** Opening DATA SHOWN block **

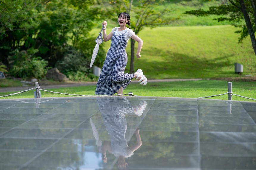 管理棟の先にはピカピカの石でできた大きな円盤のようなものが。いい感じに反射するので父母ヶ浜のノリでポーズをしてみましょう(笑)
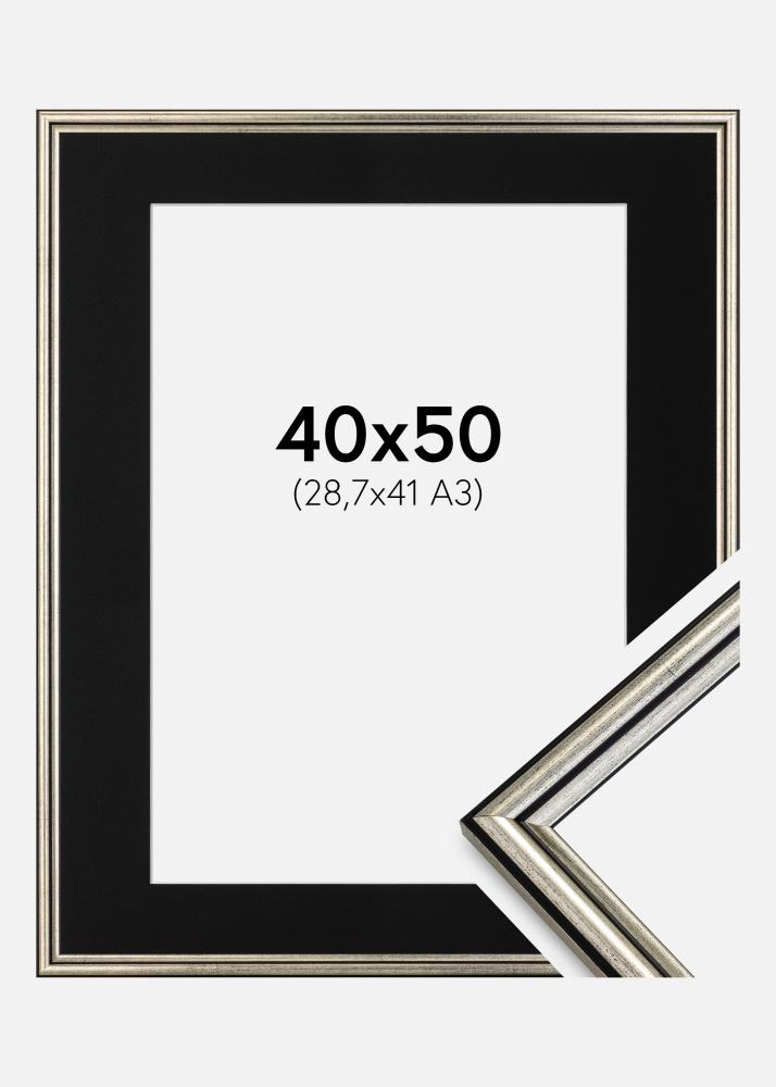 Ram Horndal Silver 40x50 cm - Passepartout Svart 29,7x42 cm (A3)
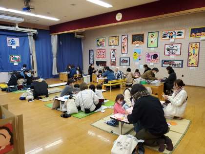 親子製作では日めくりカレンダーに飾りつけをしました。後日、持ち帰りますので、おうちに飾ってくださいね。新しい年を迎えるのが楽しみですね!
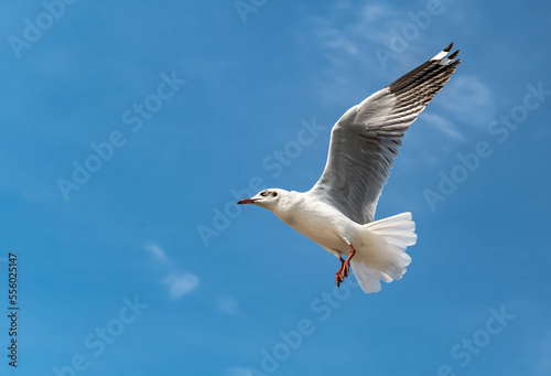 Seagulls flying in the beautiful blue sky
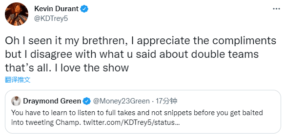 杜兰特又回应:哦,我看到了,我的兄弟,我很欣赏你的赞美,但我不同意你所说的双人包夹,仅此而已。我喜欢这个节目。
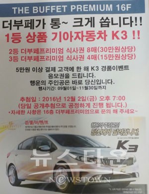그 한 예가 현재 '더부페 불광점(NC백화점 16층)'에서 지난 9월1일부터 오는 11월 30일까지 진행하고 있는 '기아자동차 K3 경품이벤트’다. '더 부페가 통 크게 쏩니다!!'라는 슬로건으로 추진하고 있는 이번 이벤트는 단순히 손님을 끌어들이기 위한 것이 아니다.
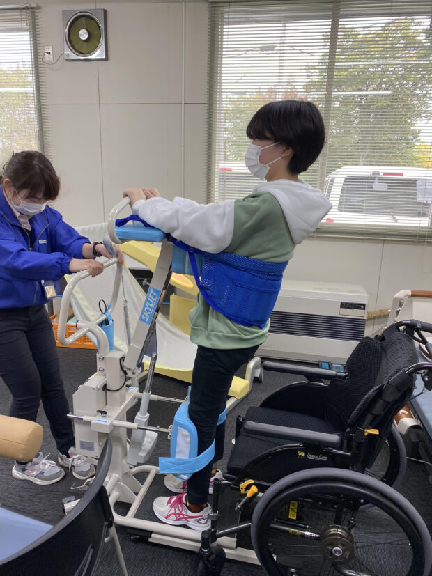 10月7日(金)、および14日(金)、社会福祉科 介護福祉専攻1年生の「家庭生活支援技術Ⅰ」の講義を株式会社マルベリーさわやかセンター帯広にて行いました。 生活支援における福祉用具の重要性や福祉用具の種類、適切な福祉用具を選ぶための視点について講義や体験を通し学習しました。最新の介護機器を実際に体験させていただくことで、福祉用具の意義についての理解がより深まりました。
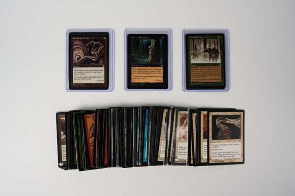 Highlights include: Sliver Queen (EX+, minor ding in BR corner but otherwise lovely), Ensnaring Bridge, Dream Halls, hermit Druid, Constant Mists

** Closing DATA SHOWN block **

Reproduce the material above in full, images excluded.

SOLVED PROBLEM -
 管理棟の先にはピカピカの石でできた大きな円盤のようなものが。いい感じに反射するので父母ヶ浜のノリでポーズをしてみましょう(笑)
 Ram Horndal Silver 40x50 cm - Passepartout Svart 29,7x42 cm (A3)
 親子製作では日めくりカレンダーに飾りつけをしました。後日、持ち帰りますので、おうちに飾ってくださいね。新しい年を迎えるのが楽しみですね!
 Seagulls flying in the beautiful blue sky
 杜兰特又回应:哦,我看到了,我的兄弟,我很欣赏你的赞美,但我不同意你所说的双人包夹,仅此而已。我喜欢这个节目。
그 한 예가 현재 '더부페 불광점(NC백화점 16층)'에서 지난 9월1일부터 오는 11월 30일까지 진행하고 있는 '기아자동차 K3 경품이벤트’다. '더 부페가 통 크게 쏩니다!!'라는 슬로건으로 추진하고 있는 이번 이벤트는 단순히 손님을 끌어들이기 위한 것이 아니다.
 10月7日(金)、および14日(金)、社会福祉科 介護福祉専攻1年生の「家庭生活支援技術Ⅰ」の講義を株式会社マルベリーさわやかセンター帯広にて行いました。 生活支援における福祉用具の重要性や福祉用具の種類、適切な福祉用具を選ぶための視点について講義や体験を通し学習しました。最新の介護機器を実際に体験させていただくことで、福祉用具の意義についての理解がより深まりました。
 Highlights include: Sliver Queen (EX+, minor ding in BR corner but otherwise lovely), Ensnaring Bridge, Dream Halls, hermit Druid, Constant Mists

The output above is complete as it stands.